Ignore the pictures in the data below and set down exactly the lines from its first line through the line containing "- July 22, 2025: The".

■ **Data section**:
---

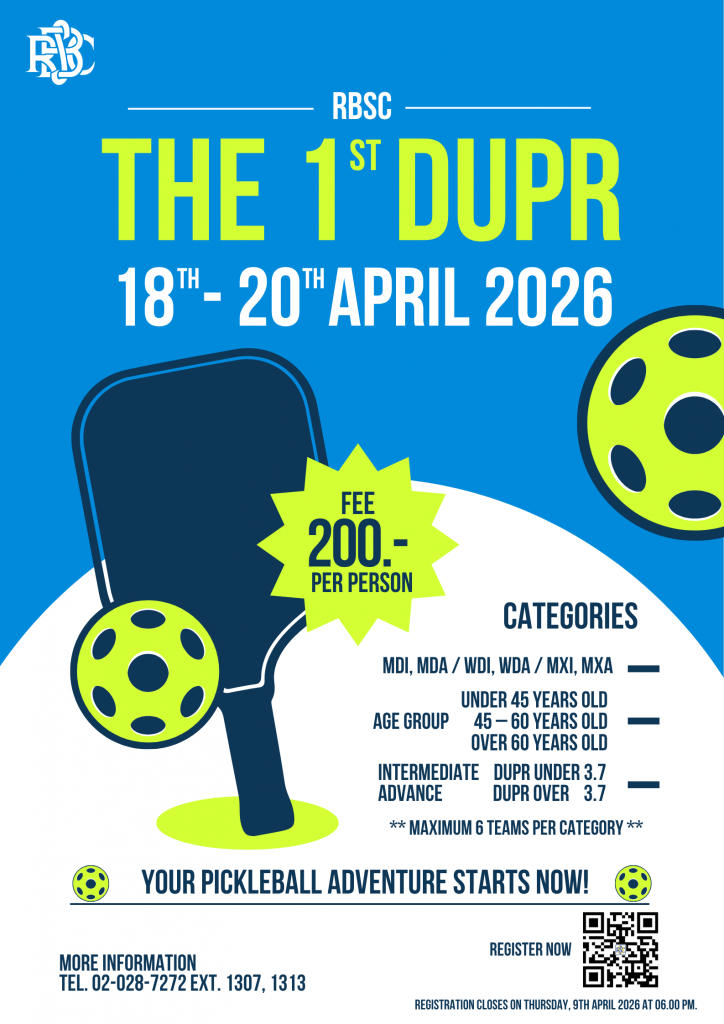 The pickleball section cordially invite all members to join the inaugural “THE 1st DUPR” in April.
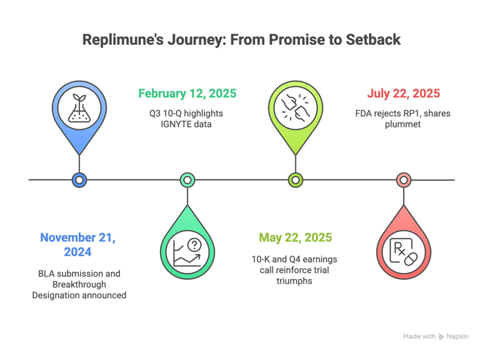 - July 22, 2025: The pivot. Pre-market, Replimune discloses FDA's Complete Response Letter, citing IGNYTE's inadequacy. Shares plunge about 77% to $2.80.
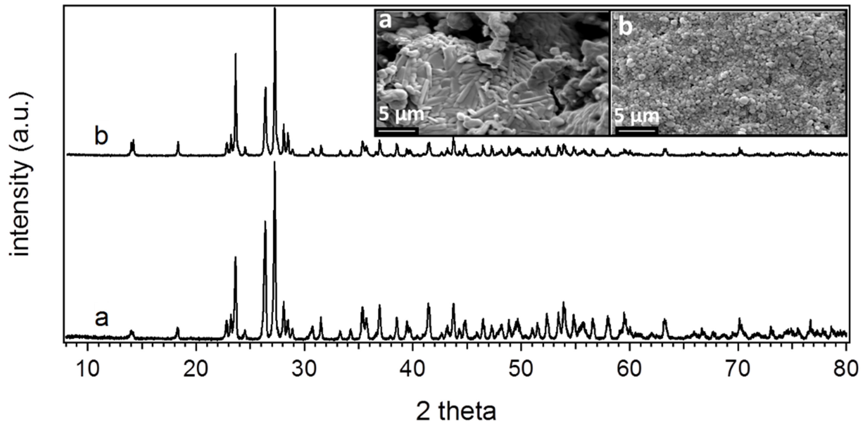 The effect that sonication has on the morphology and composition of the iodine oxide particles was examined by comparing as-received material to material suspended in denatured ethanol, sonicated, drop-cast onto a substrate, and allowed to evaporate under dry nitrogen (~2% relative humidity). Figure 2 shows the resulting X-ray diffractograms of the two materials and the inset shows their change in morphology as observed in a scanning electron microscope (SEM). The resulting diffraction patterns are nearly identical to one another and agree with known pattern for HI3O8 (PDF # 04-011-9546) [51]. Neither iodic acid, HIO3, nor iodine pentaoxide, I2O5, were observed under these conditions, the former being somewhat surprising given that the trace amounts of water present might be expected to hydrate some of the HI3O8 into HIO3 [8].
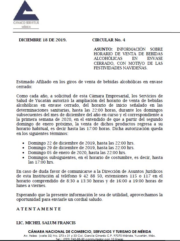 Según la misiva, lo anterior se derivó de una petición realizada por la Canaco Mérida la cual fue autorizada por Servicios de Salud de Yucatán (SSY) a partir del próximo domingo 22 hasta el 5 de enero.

---

■ **Exercise result**:
 The pickleball section cordially invite all members to join the inaugural “THE 1st DUPR” in April.
 - July 22, 2025: The pivot. Pre-market, Replimune discloses FDA's Complete Response Letter, citing IGNYTE's inadequacy. Shares plunge about 77% to $2.80.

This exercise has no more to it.